PJM Interconnection is well aware of the growing threats posed by climate change. Since November 2011 it has had an energy management system from Siemens that makes it possible to take stock of a grid during outages and manage it better. The system uses two control centers that manage the grid jointly during normal operation. If one is knocked out in an emergency, the other can handle operations by itself. That was exactly what happened when Hurricane Sandy crossed the region. PJM never lost its view of the status of its transmission grid.

The grid management system is based on an integrated platform developed by Siemens and PJM Interconnection that is able to combine a variety of applications such as energy, market and distribution network management systems together. "The system's open architecture is its strength. At low expense, it integrates not just new applications but old ones as well," says Ravi Pradhan, Vice President of Technology Strategy at the Siemens Energy Management Division in Minneapolis. "That way, solutions that are already available can be included, while operating two control rooms at the same time increases the grid's safety, especially in grid-wide emergency situations like a hurricane."

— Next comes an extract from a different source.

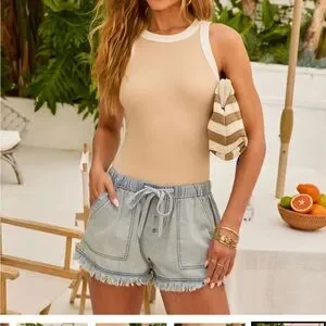 Saddleback Pocketed Frayed Tencel Shorts Large NWOT

Intelligent Robustness the Order of the Day

But it's not just the interregional power grid that needs to be more robust – so does the local grid in New York City. After the destruction from Hurricane Sandy – more than a million New Yorkers were left without power for days – power utility Con Edison has been implementing a billion-dollar-plus plan since 2013 to enhance the resilience of the city's grid against extreme weather events by 2017. For example, it's protecting power plants, substations and switchgear with higher dams, protective walls and reinforced doors. Robust power poles are being raised, monitoring sensors will be installed in the grid, and overhead lines for critical facilities such as police and fire departments, hospitals, pharmacies and supermarkets will be re-laid underground.

With help from Siemens, in the summer of 2015 Con Edison also started up a new automation system for two distributor networks in Manhattan. The networks can be split up into a total of four sub-networks in a fraction of a second if they are in a danger of being flooded. If a disruption occurs – for example, if a substation explodes, as happened during Sandy at the eastern end of 14th Street in Manhattan – the incident is isolated. It cannot ripple through the rest of the network.

This cutoff is handled by way of a number of centrally controlled switching stations. Con Edison's two distribution networks in Lower Manhattan have 44 such stations installed underground. Once the control room triggers the separation, as many as 20 switches are simultaneously activated within milliseconds. The challenge is to actuate such a large number of switches, distributed all over the network, almost simultaneously. To meet this goal, the system relies on a redundantly designed, fiber-optic network.

Before this automated switching system entered service, the entire solution was tested at Siemens to ensure that it could handle the required simultaneous switching speeds. It was a success. "This is the first time synchronous switching has been established in a distribution system," says Andre Smit, Chief Engineer for the Siemens Energy Management Division in Wendell, North Carolina. When the next storm comes along, he says, the southeast corner of Manhattan – which includes Wall– can be isolated if necessary from the rest of the city as fast as lightning.